İlk eşim kendi köyümüzden, Koçgiri'dendi. 2 oğlum, iki kızım oldu. Bir oğlum ve
bir kızım hastalıktan dolayı öldüler. Bir süre sonra eşim de öldü. Bir yanda yiyecek
yok, bir yan da hastalıklar ve doktor, ilaç yok. O şartlar da güçlü olan can sağ
kalabiliyordu.
İkinci eşim Çıragedig'dendi. Çocuğumuz olmadı. Kıtlığın güçsüz bıraktığı bedeni
yaşama savaşını kaybetti. O da öldü. Üçüncü kez de o köyden evlendim. Son
bayan dan 5 çocuğum oldu. Oğullarımı evlendirdim. Nüfusumuz arttı. Amcan
Estanbol'a gitti, çalışmaya başladı ve köye dönmedi.
Sayğı törenin de ayağa kalkmayanlarımıza ne yapıldı, biliyor musun?
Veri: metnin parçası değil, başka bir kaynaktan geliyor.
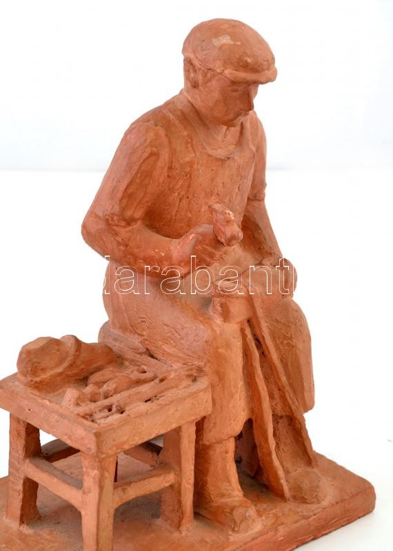 Péter József (?-?): Cipész, terrakotta, jelzett, kis lepattanásokkal, ...

Haliç tersanesinde asker zoru, denetimi altında çalışan insanlarımız sürekli şiddetle
yüz yüze kalıyorlardı. Mıstoy Kûr yani Mustafa Kemal öldüğünde tersane de de
sayğı duruşu yapıyorlar. Yakınımız olan Mıço ayağa kalkmıyor. Sayğı duruşunda
bulunmuyor. Tören bittikten sonra yüzbaşı kendisine yöneliyor ve “ Ulan Mıço
niye sayğı duruşunda bulunmadın? “ sorusunu soruyor.
Mıço son derece dobra, sözünü esirgemeyen biriydi ve geçmişin acısı içine işlemiş
olarak;“ Biz onun sağlığında çok çektik. Kendisinden bir türlü
kurtulamadık. İşi gücü bizi esir etmek, sürmek, öldürmek, elimizde olanı
almaktı.
Nihayet geberdi. Ölümüylede mi bize azab çektirecek? Ben onun sağını
da, ölüsünü de sikeyim. Koçgiriyi, Dêrsımi, Kürd milletini kırdı, mahvetti.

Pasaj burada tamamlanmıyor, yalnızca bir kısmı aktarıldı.